Traditionally, those have been used to treat prostate cancer. The problem is that flare phenomenon can be problematic for someone with widespread metastatic disease. If you just give an LHRH drug, it stimulates the testosterone for the first two weeks, they’re in that flare phenomenon, and you can cause a lot of pain in the back or potentially paralysis.Firmagon came out after the LHRH drugs, and it is used as an antagonist. It blocks the production of LH from the pituitary gland to the testicles. So it really is a little cleaner, it doesn't cause this flare phenomenon for two weeks, and that's the real beauty and value of Firmagon.

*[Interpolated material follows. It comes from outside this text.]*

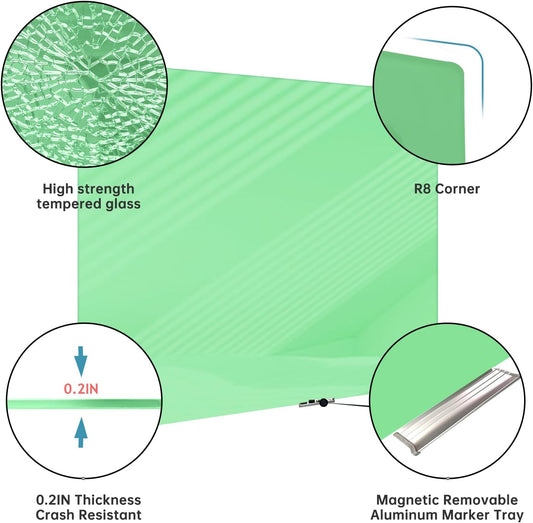 Magnetic Glass Whiteboard - Glass Dry Erase Board 48"x36" Large Frameless Glass Board for Walls Office School and Home, Green

The problem with Firmagon has been that it traditionally has only had a one-month length of time when you administer it, whereas the LHRH drugs will last 4 to 6 months. Someone treated with Firmagon traditionally has had to come in once a month to get that injection, whereas an LHRH drug, you can give every 4 or 6 months. But I think there are newer versions of Firmagon that are going to be longer-acting. That would obviously then be the best of both worlds. You no longer get that flare phenomenon and you can dose it every 4 or 6 months, or at least every 3 months.If someone comes in and I am worried because they have a very elevated PSA—someone with a PSA of 500 or 1000— and they come in with widespread metastatic disease in their bones, particularly with boney pain or partial paralysis from spinal involvement, I’d be very reluctant to give a drug that’s going to give a flare phenomenon. For those patients we always try to use Firmagon.